Early virological response in six patients with hepatitis D virus infection and compensated cirrhosis treated with Bulevirtide in real‐life
Tarik Asselah, Dimitri Loureiro, Frédéric Le Gal, Stéphanie Narguet, Ségolène Brichler, Valérie Bouton, Malek Abazid, Nathalie Boyer, Nathalie Giuly, Athénaïs Gerber, Issam Tout, Sarah Maylin, Cheikh Mohamed Bed, Patrick Marcellin, Corinne Castelnau, Emmanuel Gordien, Abdellah Mansouri
Abstract
Abstract Hepatitis delta virus (HDV) infection is the most severe form of viral hepatitis. Bulevirtide (BLV, Hepcludex ® ) is an HDV/HBV entry inhibitor approved in June 2020 in the European Union for adult patients with chronic hepatitis delta (CHD) and compensated liver disease and positive HDV RNA viral load.
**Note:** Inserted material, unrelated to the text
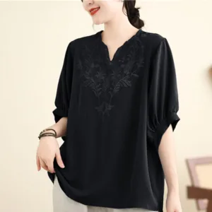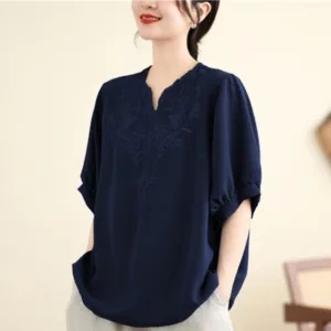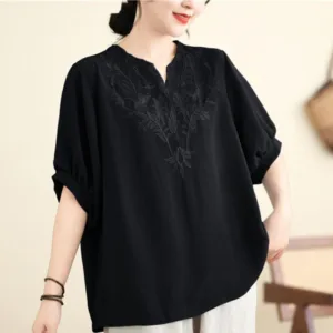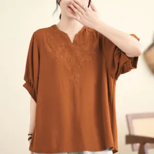 Vintage Embroidery Cotton T-shirt Tee features intricate V-shaped embroidery of flowers and leaves. Crafted from a comfortable blend of cotton and linen. it showcases detailed stitching that adds depth and texture. The V-shaped pattern not only enhances its visual appeal but also symbolizes harmony and growth. Ideal for those who appreciate detailed craftsmanship and meaningful design.

This real‐life preliminary report described early virological efficacy and safety of BLV in six patients with CHD and compensated liver disease: four patients were treated with the combination of BLV (2 mg/d in subcutaneous injection) and pegylated interferon (PEG‐IFN) and two patients with BLV monotherapy. Four patients treated with combined therapy had a decline of a minimum of 1 log 10 and 3/3 of 2 log 10 of HDV‐VL at 12 and 24 weeks, respectively. One patient among four had stopped the treatment at 12 weeks because of thrombocytopenia and an HDV‐VL relapse was notified 24 weeks after treatment cessation. Three patients among four (3/4) had undetectable HDV‐VL during the therapy (<100 IU/ml). One patient (1/2) treated with BLV monotherapy had a decline of HDV‐VL by 1 log 10 at 8 weeks and 1/1 by 2 log 10 at 28 week on‐treatment. Two patients among four (2/4) with combined therapy had normal ALT reached at 4 and 56 weeks. One patient (1/2) with BLV monotherapy achieves ALT normalization at 4 weeks on treatment. Hepatitis B surface antigen (HBsAg) levels remain unchanged. Three among six (3/6) patients had an elevation of total biliary acids without pruritus. These early data generated confirm the interest in this new treatment. Final results will be important to demonstrate long‐term clinical benefit (fibrosis reversibility and reduction in hepato‐cellular carcinoma [HCC]).